SCRT Followed by CAPOX + Bev ± PD-1 Inhibitor for TNT in LARC

Not Applicable

Recruiting

• Conditions: Rectal Cancer; Targeted Therapy; Rectal Adenocarcinoma; Immunotherapy; Rectal Cancer, Radiotherapy; Rectal Cancer Patients; Total Neoadjuvant Therapy; Total Neoadjuvant Treatment; Chemoradiotherapy
• Interventions: Drug: PD-1 inhibitor based immunotherapy

• Registration Number: NCT07198165
• Lead Sponsor: Ruijin Hospital

Brief Summary

This study aims to evaluate the efficacy and safety of short-course radiotherapy combined with CAPOX plus bevacizumab with or without a PD-1 inhibitor in patients with locally advanced rectal cancer (LARC). The hypothesis is that the addition of immunotherapy (PD-1 inhibitor) can significantly improve the complete response (CR) rate and enhance local control while reducing the incidence of distant metastasis. This study will compare the effects of sequential chemoradiotherapy and targeted therapy with or without immunotherapy following short-course radiotherapy, aiming to explore the optimal regimen for total neoadjuvant therapy.

Detailed Description

Not available

Study Timeline

• Status Verified: 2025-09
• Study Start: 2025-09-05
• Study First Submitted: 2025-09-21
• Study First Submitted QC: 2025-09-27
• Last Update Submitted: 2025-09-27
• Study First Posted: 2025-09-30
• Last Update Posted: 2025-09-30
• Primary Completion: 2030-12-31
• Study Completion: 2030-12-31

Recruitment & Eligibility

• Status: RECRUITING
• Sex: All
• Target Recruitment: 104

Inclusion Criteria

• Histopathologically confirmed rectal adenocarcinoma with no prior antitumor therapy.
• Exclusion of patients with BRAF mutations or MSI-H status, as determined by pre-enrollment genetic testing including RAS, BRAF, and MSI analysis.
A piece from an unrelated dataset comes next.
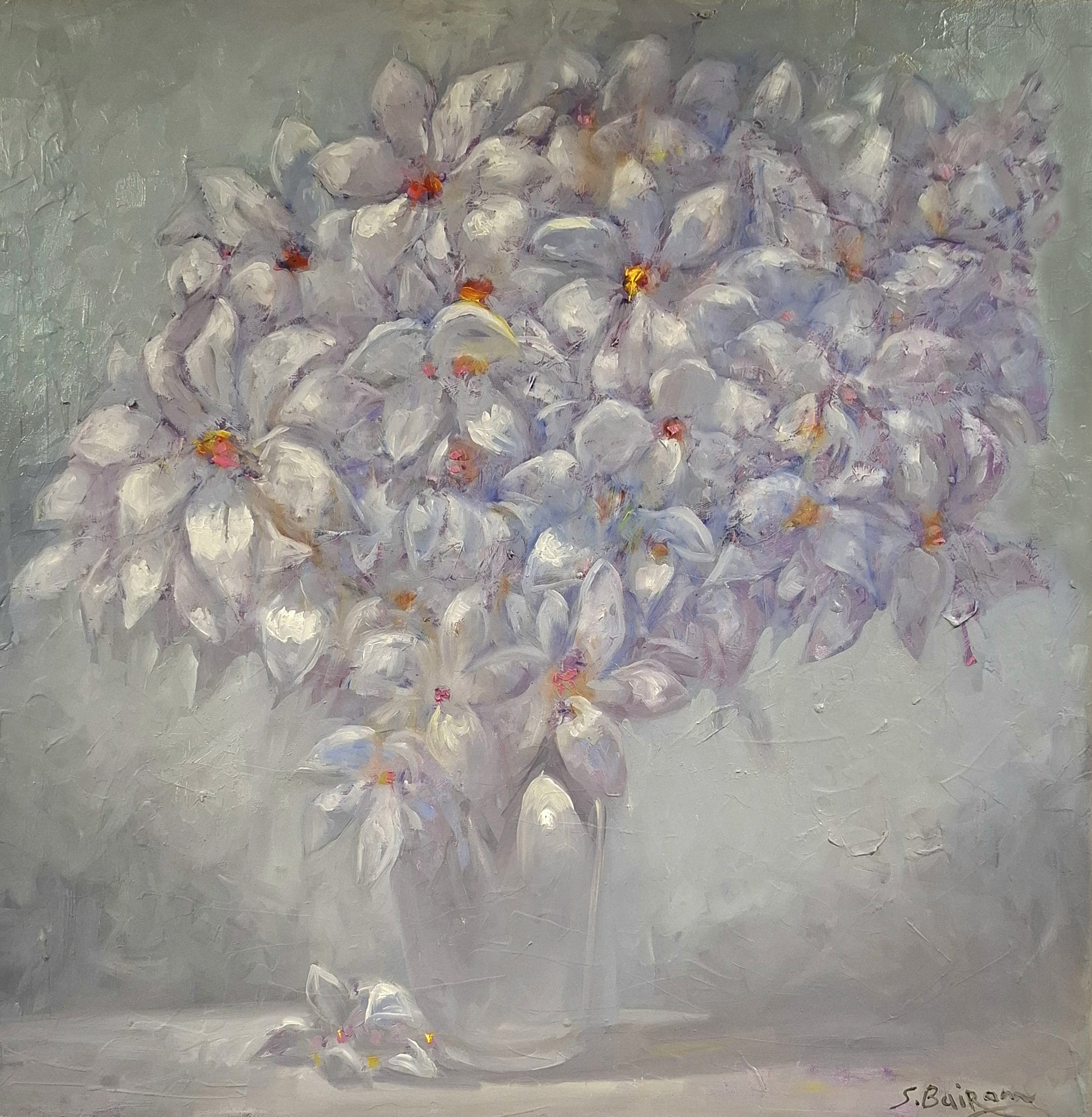 The painting "Delicate Bouquet" captures the essence of grace and subtle elegance. A lush arrangement of soft, pale flowers, painted in ethereal shades of white, lavender, and hints of pink, is depicted in a simple glass vase. The delicate blossoms seem to bloom effortlessly, radiating a quiet beauty and serenity.

RAS mutation status is permitted regardless.
• Absence of severe intestinal obstruction symptoms and no evidence of distant metastasis confirmed by imaging examinations such as CT, MRI, or PET/CT.
• Confirmation as locally advanced rectal cancer by rectal MRI, meeting one or more of the following criteria: T3c-d or T4, N2, EMVI(+), MRF(+), lateral lymph node metastasis; or patients with low-lying rectal cancer (≤5 cm from the anal verge) unsuitable for sphincter-preserving surgery prior to neoadjuvant therapy.
• Age 18 to 75 years.
• ECOG Performance Status of 0 to 1, without severe comorbid medical conditions.
• Adequate organ function:

Hematopoietic: Hemoglobin ≥90 g/L, Platelets ≥80 × 10^9/L, Absolute Neutrophil Count ≥1.5 × 10^9/L.

Hepatic: ALT and AST < 2.5 × ULN. Renal: Serum Creatinine < 1.5 × ULN.
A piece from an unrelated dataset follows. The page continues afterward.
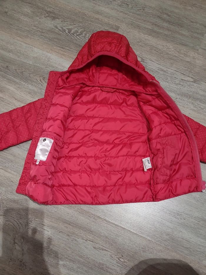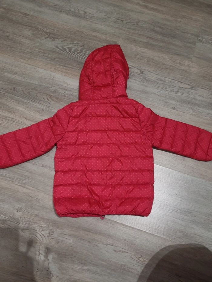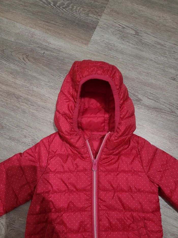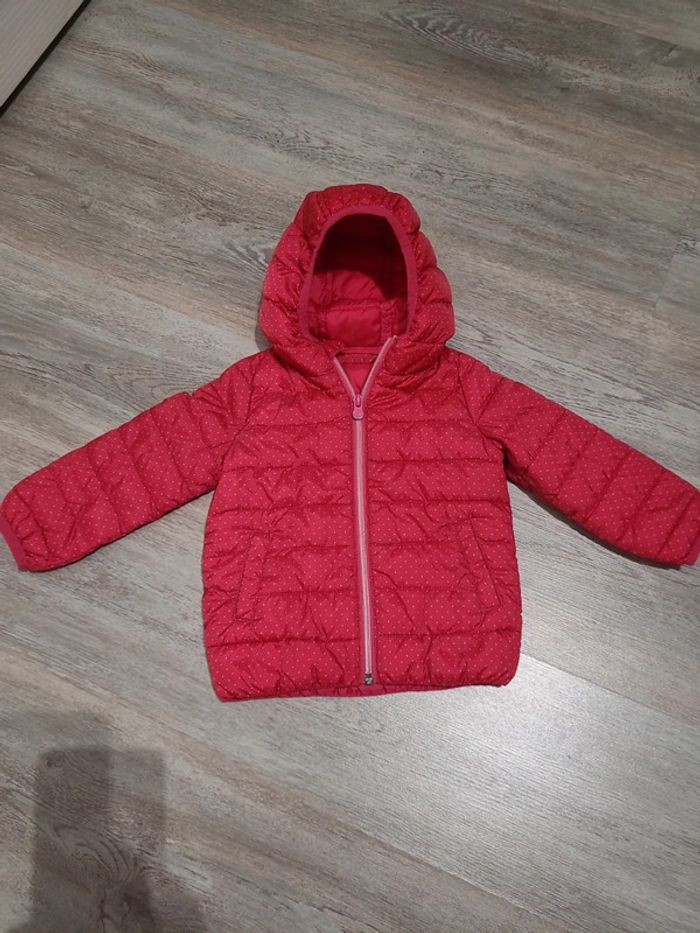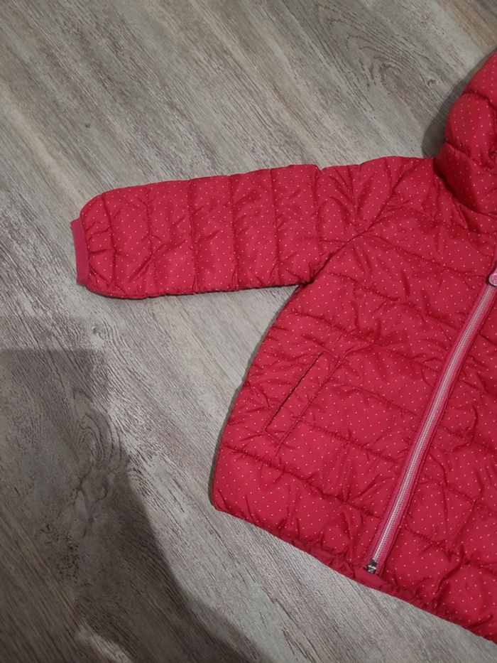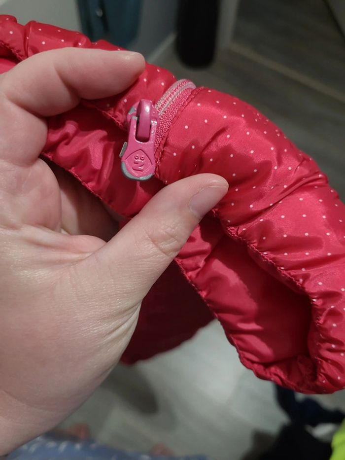 Doudoune matelassée Z, rose fushia à pois blancs, languette de la fermeture éclair légèrement écaillée Taille 18 mois

• Provision of signed and dated written informed consent.

Exclusion Criteria

• Patients found to have BRAF mutations or MSI-H status.
• Patients who have previously received chemotherapy, radiotherapy, immunotherapy, targeted therapy, or surgical resection for colorectal cancer prior to enrollment.
• History or presence of another malignancy (except for early-stage basal cell carcinoma or carcinoma in situ of the cervix) within the past 3 years, with the disease not under control.
• Patients who are pregnant (confirmed by serum or urine β-HCG test) or breastfeeding.
• Patients with severe cardiac, hepatic, renal, neurological, or psychiatric diseases.
• Patients with active infections.
• Poor overall health status, with an ECOG performance status ≥2.
• Patients who have undergone organ transplantation requiring immunosuppressive therapy, or those requiring long-term corticosteroid treatment for autoimmune diseases.
• Patients with comorbid conditions that, in the investigator's judgment, seriously endanger the patient's safety or affect the completion of the study.
• Known hypersensitivity to any of the study drugs.

Study & Design

• Study Type: INTERVENTIONAL
• Study Design: PARALLEL

Arm && Interventions

Group	Intervention	Description
Intervention group	PD-1 inhibitor based immunotherapy	Short-course radiotherapy (25Gy/5Fx) followed by 4 cycles of CAPOX regimen (Oxaliplatin 130mg/m² IV infusion, Capecitabine 1000mg/m² orally for 14 days, Q3w) combined with Bevacizumab (7.5mg/kg IV infusion, D1, Q3w) + PD-1 inhibitor (Toripalimab 240mg IV infusion, D1, Q3w). Following completion of total neoadjuvant therapy, the treatment strategy (watch-and-wait or surgical resection) will be selected based on tumor response. The decision regarding adjuvant chemotherapy will be determined according to postoperative pathological findings.

Primary Outcome Measures

Name	Time	Method
Complete Response rate	2 weeks after the surgery	Measurement Methods: Chi-square test, Fisher's exact test, multivariate regression analysis (Cox regression model).; Description: For pCR and cCR, chi-square test or Fisher's exact test was used to compare differences between the two groups. Multivariate regression analysis (Cox regression model) was employed to assess the relationship between the intervention and the CR rate.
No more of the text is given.